Take the material below and output exactly the run of lines from the one containing "Workwear Capsule Badge" down to the one containing "This durable checkbook", with both included.

## Excerpted data
───

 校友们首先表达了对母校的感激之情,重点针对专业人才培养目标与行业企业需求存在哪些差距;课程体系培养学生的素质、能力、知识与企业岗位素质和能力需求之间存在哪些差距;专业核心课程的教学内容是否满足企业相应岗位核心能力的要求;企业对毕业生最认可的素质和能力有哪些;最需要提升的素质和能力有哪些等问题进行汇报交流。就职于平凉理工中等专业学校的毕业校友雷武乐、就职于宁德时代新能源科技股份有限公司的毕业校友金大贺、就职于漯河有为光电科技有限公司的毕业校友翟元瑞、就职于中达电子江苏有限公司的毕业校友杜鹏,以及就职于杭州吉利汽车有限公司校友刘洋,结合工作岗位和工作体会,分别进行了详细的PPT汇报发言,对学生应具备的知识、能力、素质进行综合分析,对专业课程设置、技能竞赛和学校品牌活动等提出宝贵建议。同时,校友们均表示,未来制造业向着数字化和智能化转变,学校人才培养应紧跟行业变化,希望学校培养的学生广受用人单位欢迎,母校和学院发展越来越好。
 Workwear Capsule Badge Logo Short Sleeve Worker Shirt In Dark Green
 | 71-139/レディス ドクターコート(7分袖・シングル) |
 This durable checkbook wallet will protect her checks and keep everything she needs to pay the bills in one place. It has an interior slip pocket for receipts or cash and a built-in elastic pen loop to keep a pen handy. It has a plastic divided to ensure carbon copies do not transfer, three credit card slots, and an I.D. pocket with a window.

───

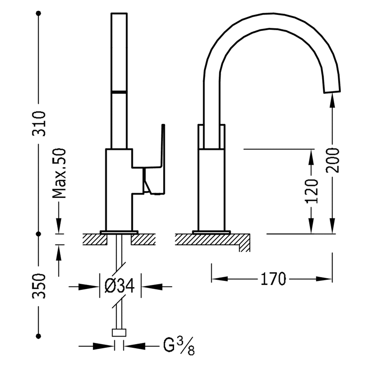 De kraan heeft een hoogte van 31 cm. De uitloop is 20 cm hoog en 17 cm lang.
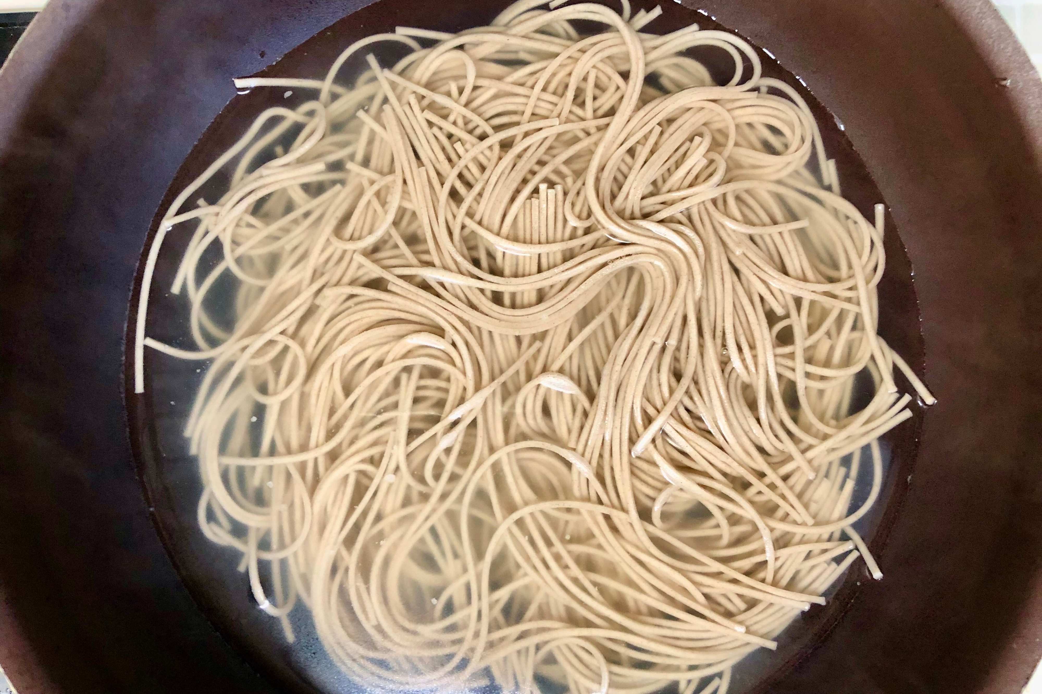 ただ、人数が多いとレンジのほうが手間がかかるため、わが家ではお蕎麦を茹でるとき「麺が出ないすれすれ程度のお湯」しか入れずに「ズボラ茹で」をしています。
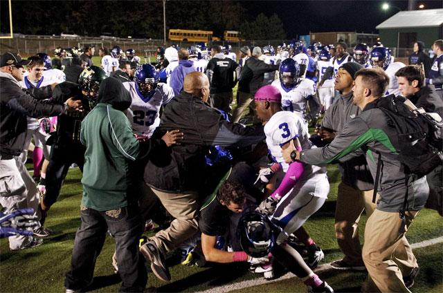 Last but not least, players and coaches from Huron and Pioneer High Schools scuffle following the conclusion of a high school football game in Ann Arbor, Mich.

───

## Expected output
 Workwear Capsule Badge Logo Short Sleeve Worker Shirt In Dark Green
 | 71-139/レディス ドクターコート(7分袖・シングル) |
 This durable checkbook wallet will protect her checks and keep everything she needs to pay the bills in one place. It has an interior slip pocket for receipts or cash and a built-in elastic pen loop to keep a pen handy. It has a plastic divided to ensure carbon copies do not transfer, three credit card slots, and an I.D. pocket with a window.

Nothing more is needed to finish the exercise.